**DATA PROVIDED**:
=====
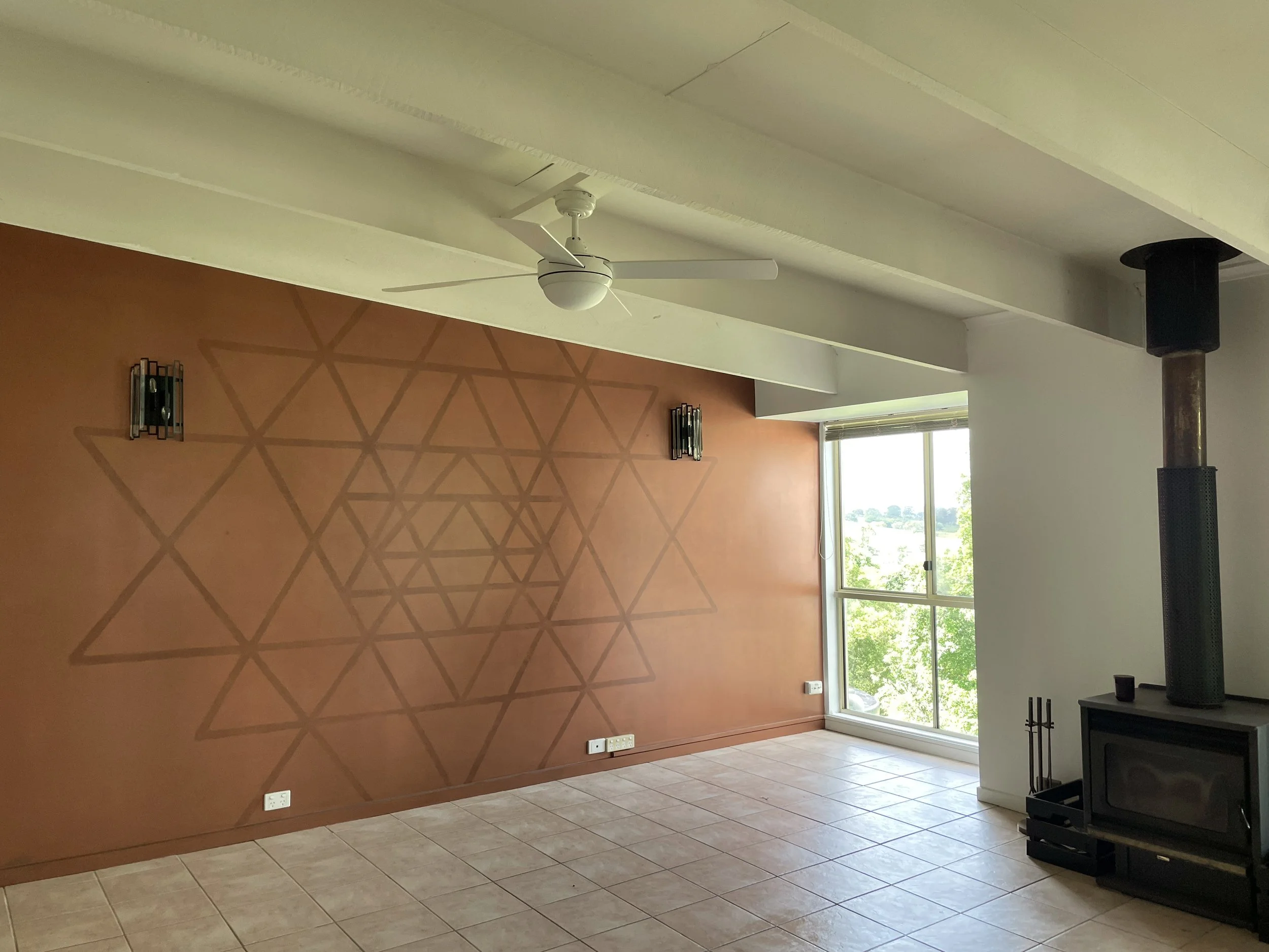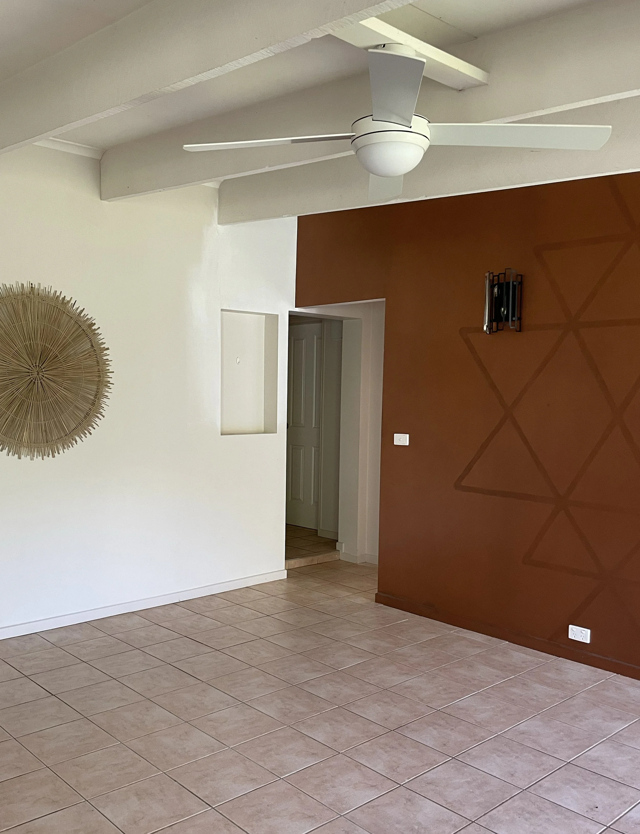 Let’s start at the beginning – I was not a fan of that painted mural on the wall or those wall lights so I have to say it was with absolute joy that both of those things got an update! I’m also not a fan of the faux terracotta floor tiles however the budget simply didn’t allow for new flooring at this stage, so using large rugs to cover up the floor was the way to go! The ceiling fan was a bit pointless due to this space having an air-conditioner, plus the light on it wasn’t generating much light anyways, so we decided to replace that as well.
=====
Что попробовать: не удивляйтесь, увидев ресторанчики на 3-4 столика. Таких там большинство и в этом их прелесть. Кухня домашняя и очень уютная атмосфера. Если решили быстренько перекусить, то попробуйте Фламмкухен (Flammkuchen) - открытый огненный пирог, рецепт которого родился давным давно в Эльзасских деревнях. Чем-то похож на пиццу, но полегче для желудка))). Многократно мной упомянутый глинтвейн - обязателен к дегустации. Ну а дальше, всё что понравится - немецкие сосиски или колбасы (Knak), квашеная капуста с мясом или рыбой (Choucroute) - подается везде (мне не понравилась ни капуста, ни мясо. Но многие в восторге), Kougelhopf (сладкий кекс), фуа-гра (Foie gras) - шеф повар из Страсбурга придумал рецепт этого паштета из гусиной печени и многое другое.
=====
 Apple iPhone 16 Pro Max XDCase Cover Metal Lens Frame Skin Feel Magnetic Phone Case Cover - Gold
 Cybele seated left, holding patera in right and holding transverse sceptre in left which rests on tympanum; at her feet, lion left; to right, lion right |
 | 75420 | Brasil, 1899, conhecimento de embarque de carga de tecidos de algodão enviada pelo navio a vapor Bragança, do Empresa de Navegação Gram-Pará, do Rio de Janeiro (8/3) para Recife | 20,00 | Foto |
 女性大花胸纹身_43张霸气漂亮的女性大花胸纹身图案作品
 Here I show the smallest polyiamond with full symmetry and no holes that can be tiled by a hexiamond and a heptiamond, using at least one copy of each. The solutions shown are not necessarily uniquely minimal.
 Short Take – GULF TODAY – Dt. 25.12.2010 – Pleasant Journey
=====
**WORK TASK**:
Using the listing above, return word for word each line from the one that has "Apple iPhone 16" through the one that has "Cybele seated left, holding", and no line outside that range.

**ANSWER SPACE**:
 Apple iPhone 16 Pro Max XDCase Cover Metal Lens Frame Skin Feel Magnetic Phone Case Cover - Gold
 Cybele seated left, holding patera in right and holding transverse sceptre in left which rests on tympanum; at her feet, lion left; to right, lion right |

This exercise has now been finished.